Thursday, October 16, 2008

UK vs. US: Recapitalization Plans Compared

There are substantial differences between the US recapitalization plan and the UK recapitalization plan that is widely being hailed by the media right now. has a nice table showing some of the key differences. One big difference is with the 12 percent dividend the UK banks are required to pay. 12 percent dividend? Given that loans to homeowners and businesses will be in the 5-7% range, the banks will only be able to pay that dividend thanks to leverage. They can lend out several times more in loans than they have in equity.

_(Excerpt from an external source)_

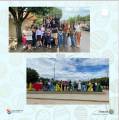Audiodescrição: Foto de um grupo de pessoas, alguns com tiara de orelhas de coelho da Páscoa. Estão ao ar livre em local gramado e com árvores. A moldura é azul clara com desenho de ovos de páscoa. Com o logo Crie Esperança no Mundo abaixo a esquerda e do Rotary Club de José Bonifácio a direita.

However, if I were a shareholder, I'd know that there will be very little chance for me to profit. The shares will be very depressed for a long while, until the government sells and gets out of the banking system. Basically, there is no way for the banks to raise capital from private sources now. Who the hell will buy stock with all these restrictions and no potential for profit? With this move, the UK just nationalized all of the banks they injected capital into. There will be no other source of funding for these banks. The capital market is closed to them until the government gets out, period. That's a huge difference between the UK and the US. US Treasury's terms were not so harsh that it removed all profit potential. Government will share in the gains, but won't hog all the upside for itself. And with that comes the possibility of raising money from private sources.

Has the UK and The Bank of England bit off too much to chew? I don't know, we'll have to see, but thanks to their harsh terms, they'll have to recapitalize their banks unilaterally. And I thought the UK was against unilateral actions.